В образовательном действии обоих древних языков есть та разница, что латинскому принадлежит преимущественно формальная сторона воспитания, между тем как греческий наиболее способствует внутреннему обогащению учащихся, оплодотворению духовных сил и возбуждению их в производительности. Вот почему общеевропейская гимназия начинает свое воспитательное действие с латинского языка, и только с третьего курса, когда уже пройдено элементарное грамматическое учение на латинском материале, приступает к языку греческому. При этом последнем хорошая школа не имеет надобности останавливаться долго на грамматическом учении, но, пользуясь относительною зрелостью воспитанников, скорее, чем при латинском языке, должна обращать их к чтению авторов и быстро вводить своих воспитанников в литературу, которая не имеет себе подобной как по самородности, так и по богатству идей, по изяществу форм, по полноте проявлений человеческого духа, — литературу, в которой нет ничего условного и заимствованного, но которая имела самое обширное и глубокое влияние, прямое или косвенное, на все последующие движения и развития человеческой мысли. Она присутствует как основная стихия во всех запутанных и многосложных комбинациях современной мысли, так что без ближайшего знакомства с греческою литературой не может быть основательно объяснено и раскрыто никакое значительное направление в области современной мысли’.}. К счастью, противоположное воззрение, которое в чтении греческих писателей не хотело восходить далее Ксенофонта, и то только ради грамматики, не восторжествовало, однако все же оно более или менее ограничило и стеснило направление, которое представлял и поддерживал в министерских совещаниях наш покойный товарищ. Реальный принцип изучения классиков был спасен, но развит не вполне. Впрочем, справедливость требует оговориться, что на первых порах трудно было бы дать ему большее развитие. Это был вопрос будущего, — будущего близкого благодаря хорошо положенному началу. А на ближайшей очереди стояла реформа наших университетов, которые должны давать гимназиям учителей, равно как и деятелей на все поприща, требующие научного образования.

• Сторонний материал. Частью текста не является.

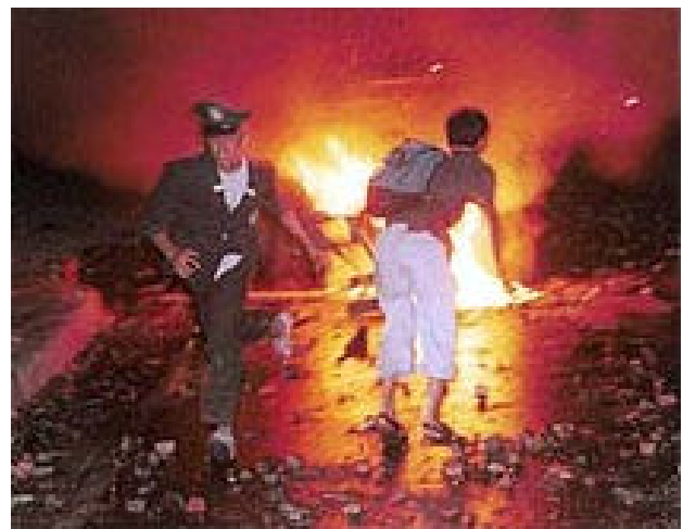
Violence in the wake of the election

determined Indonesian military. Finally in 1999, when a referendum on independence was held under UN auspices, the world paid attention. Despite widespread intimidation and violence, almost all East Timorese showed the courage to vote and overwhelmingly chose independence from Indonesia. As promised in the event of such an outcome, Indonesian controlled militia razed towns, villages and churches, while brutalizing the population and forcibly relocating some 250,000 Timorese to Indonesian controlled West Timor. The CAVR report, entitled Chega! (Enough!) , concludes that there is credible and extensive evidence that planning for and knowledge of this scorched earth campaign extended to the highest echelons of the Indonesian military.

Но за университетскою-то реформой и стало дело. Прежде наши университеты были только скудны и слабы, но после неудачной организации их в 1863 году они стали, сверх того, безобразною аномалией, требуя решительного законодательного акта, который вывел бы их из ложного положения и в то же время поставил бы в них дело науки на надлежащую высоту и обеспечил бы ее самостоятельное развитие и плодотворное действие. За реформою гимназий неизбежно должна была следовать правильная реформа университетов, без чего дело не могло считаться ни оконченным, ни обеспеченным. И действительно, вопрос о пересмотре университетского устава был поднят тотчас же после того, как вышел закон о гимназиях.
Одна из петербургских газет на этих днях имела бесстыдство заявить, будто университетский вопрос был возбужден нами из личной досады на то, что покойный товарищ наш, профессор Леонтьев, был забаллотирован по окончании срока службы в Московском университете. Циркуляр, с которым министр впервые обратился к советам университетов, спрашивая их мнения о пересмотре университетского устава, появился прежде баллотировки профессора Леонтьева, имевшей столь печальный для университета исход, которого никто не мог и предвидеть. Циркуляр этот был для нас неожиданностью, и если бы мы были спрошены, то никак не могли бы посоветовать обращаться с подобным вопросом к профессорским коллегиям, которые вследствие ненормальности своего положения не могли бы дать правдивого и полезного отзыва. Тяжкие неприятности и преследования, каким подвергались те из профессоров, которые имели достаточно гражданского мужества, чтобы со всею искренностью высказаться между своими товарищами, показывают, в какой мере профессорские коллегии, организованные уставом 1863 года, допускают свободу мнения своих членов. Циркуляр 1872 года был только ненужною прелюдией к делу и не имел никаких последствий. Но спустя два года снова был возбужден в правительственных сферах вопрос о пересмотре университетского устава. В 1874 году в комитете, состоявшем из всех министров, имеющих высшие учебные заведения в своем управлении, — народного просвещения, государственных имуществ, военного, морского, финансов, путей сообщения, внутренних дел, юстиции с присоединением шефа жандармов, главноуправляющего II Отделением Собственной Е.И.В. Канцелярии и государственного контролера, — были в общих чертах установлены и Высочайше одобрены главные основания предположенной реформы. Таким образом, все министры по нашему внушению мстили университетам за нанесенную нам обиду! Вот до какой наглости может доходить ложь, употребляющая печать Своим орудием! Можно ли ожидать чего-либо хорошего от дела, которое не отступает ни пред каким извращением истины?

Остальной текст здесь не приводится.